→ **Exercise requirements**
Give back exactly the lines starting at the one with "Refined Brunello Cucinelli" and ending at the last line of the data below. Pictures are not part of the copy.

→ **Supplied information**
=== Begin Enclosure ===
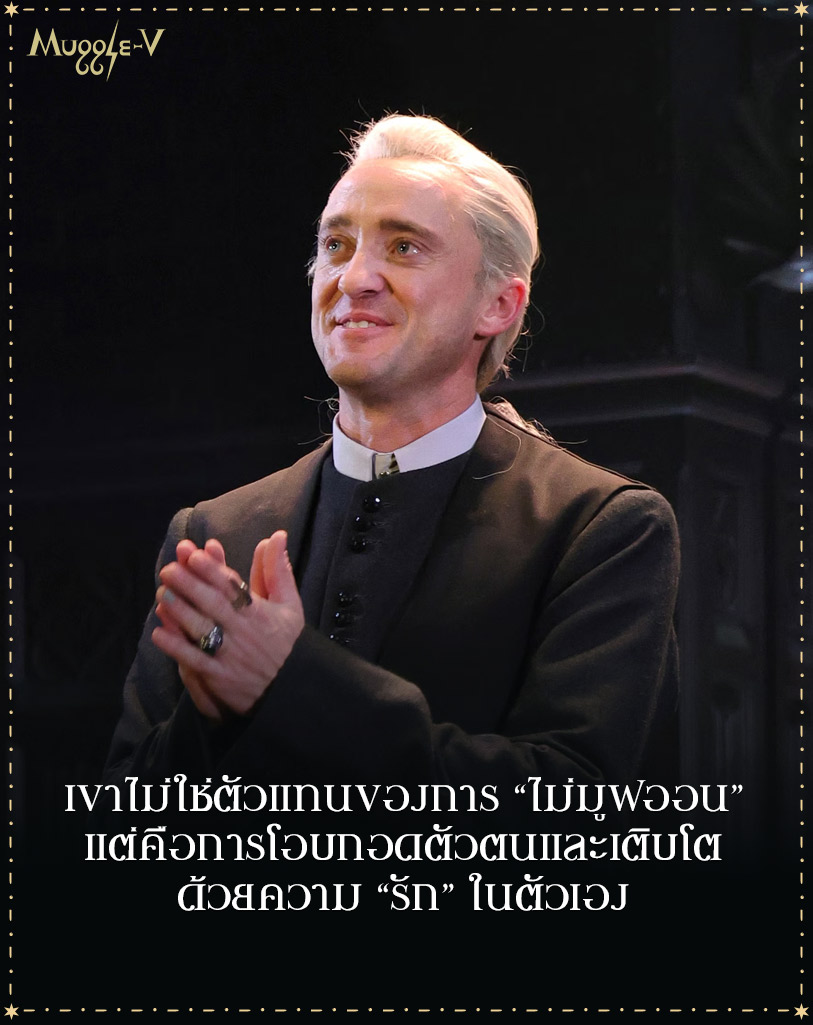 สิ่งที่ทอม เฟลตัน ทำลงไป ไม่ใช่การ "ไม่มูฟออน" มันไม่ใช่การไม่สลัดทิ้งวัยเด็ก มันไม่ใช่การวิ่งหนีอดีตที่เป็นเงาหลอกหลอน แต่มันเป็นการยอมรับว่าเขาเคยเป็นเดรโก มัลฟอย และยังเป็นอยู่ในสายตาของแฟน ๆ ที่รักเขา
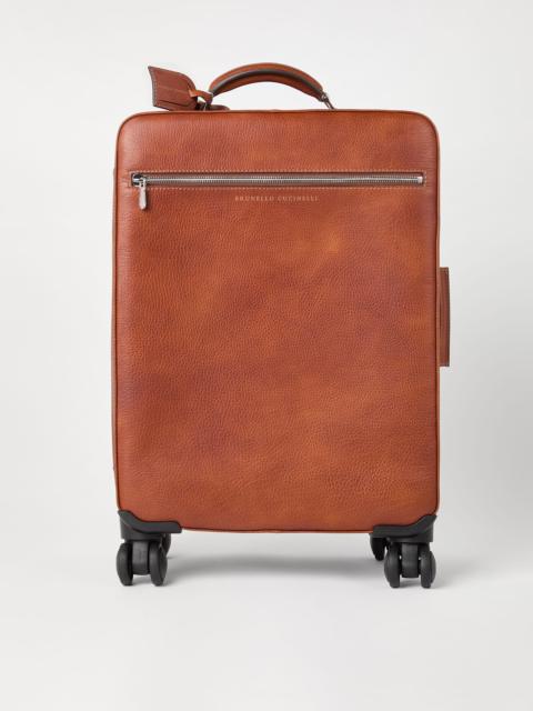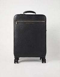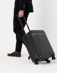 Refined Brunello Cucinelli materials enrich the style of the trolley which adds an elegant and functional touch to trips. The accessory uses the texture of the grained calfskin and is equipped with two large exterior practical pockets: one in the front with a zipper closure and one in the back with a snap. A zipper closure protects the interior which has a large side zipper pocket and a spacious main compartment with an adjustable belt to secure garments while travelling. The adjustable-height telescoping handle and the double handle on the long side complete the accessory. MATERIALS Manufacturing of the grained calfskin enriches the texture with slightly uneven coloring, giving the look of the leather a “vintage” flavor. On the inside, the accessory is lined in water-resistant fabric to protect its contents from the light contact with liquids. DETAILS Two-way zip closure Handle Outside zipper pocket Outside pocket with snaps Water-resistant fabric lining Large interior compartment equipped with double leather belt and Velcro Swivel wheels Rigid, stowable handle All metal parts are Nickel-free Removable name tag Accessory is approx. 42 cm (16.54") long, 65 cm (25.59") high and 24 cm (9.45") wide REAL LEATHER
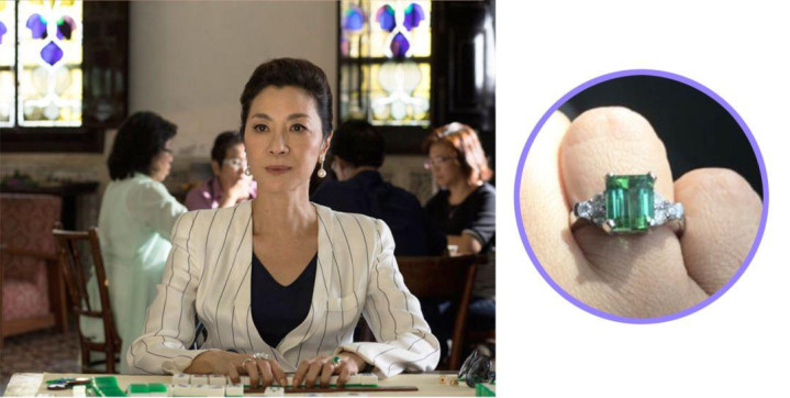 以电影中扮演婆婆的杨紫琼为例,就佩戴了来自Mandalay、Carnet等的高级珠宝,杨紫琼甚至还佩戴了私藏的价格超300万的祖母绿戒指,把豪门贵妇的雍容华贵演绎得淋漓尽致
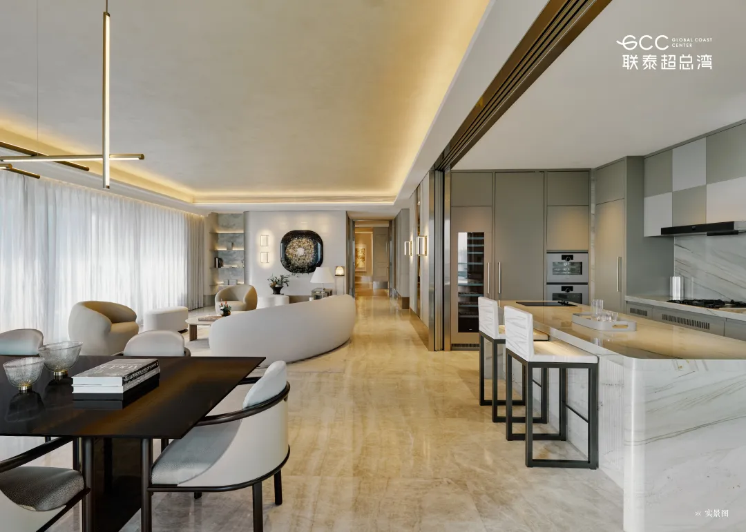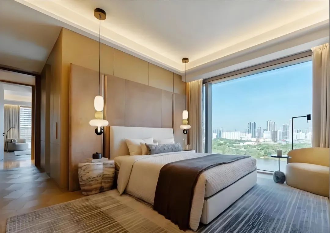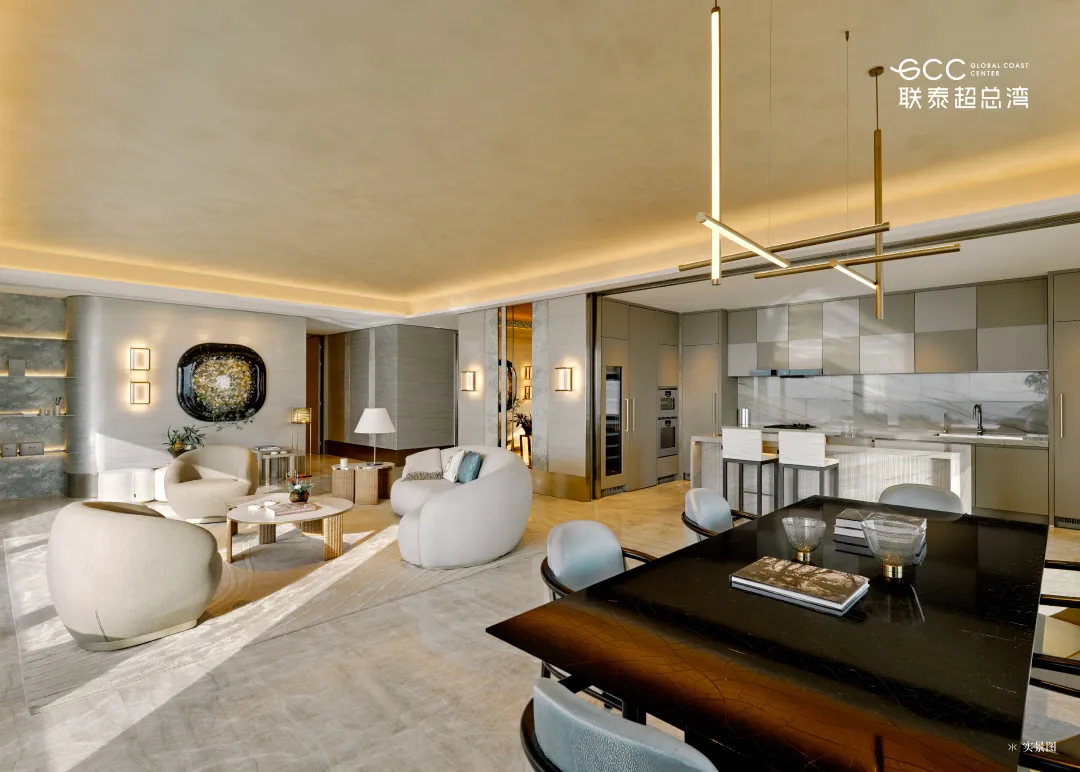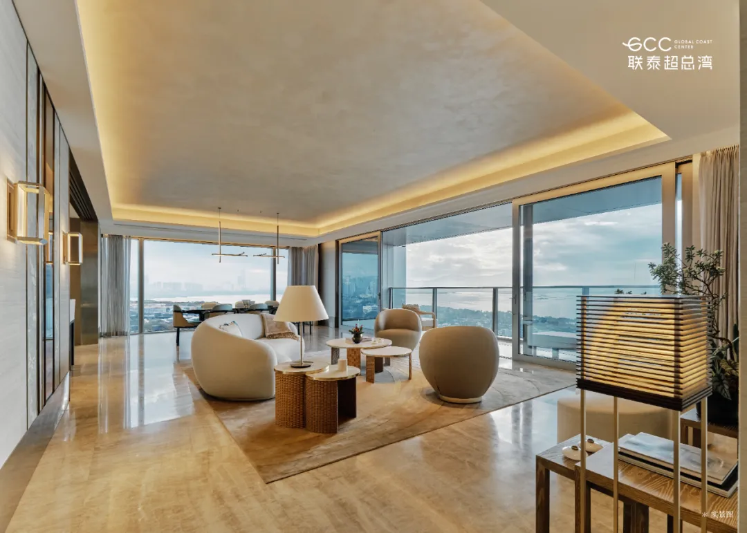 由英国皇家设计师 Kelly Hoppen 打造的 327㎡户型,以经典 “Kelly 米色美学” 为基底,融合东方禅意与西方极简,营造温润舒缓的居住氛围。270° 环幕落地窗将海景与湿地纳入室内,部分房源可享一线无遮挡海景,视野拉满。
=== End Enclosure ===
→ **Task output**
 Refined Brunello Cucinelli materials enrich the style of the trolley which adds an elegant and functional touch to trips. The accessory uses the texture of the grained calfskin and is equipped with two large exterior practical pockets: one in the front with a zipper closure and one in the back with a snap. A zipper closure protects the interior which has a large side zipper pocket and a spacious main compartment with an adjustable belt to secure garments while travelling. The adjustable-height telescoping handle and the double handle on the long side complete the accessory. MATERIALS Manufacturing of the grained calfskin enriches the texture with slightly uneven coloring, giving the look of the leather a “vintage” flavor. On the inside, the accessory is lined in water-resistant fabric to protect its contents from the light contact with liquids. DETAILS Two-way zip closure Handle Outside zipper pocket Outside pocket with snaps Water-resistant fabric lining Large interior compartment equipped with double leather belt and Velcro Swivel wheels Rigid, stowable handle All metal parts are Nickel-free Removable name tag Accessory is approx. 42 cm (16.54") long, 65 cm (25.59") high and 24 cm (9.45") wide REAL LEATHER
 以电影中扮演婆婆的杨紫琼为例,就佩戴了来自Mandalay、Carnet等的高级珠宝,杨紫琼甚至还佩戴了私藏的价格超300万的祖母绿戒指,把豪门贵妇的雍容华贵演绎得淋漓尽致
 由英国皇家设计师 Kelly Hoppen 打造的 327㎡户型,以经典 “Kelly 米色美学” 为基底,融合东方禅意与西方极简,营造温润舒缓的居住氛围。270° 环幕落地窗将海景与湿地纳入室内,部分房源可享一线无遮挡海景,视野拉满。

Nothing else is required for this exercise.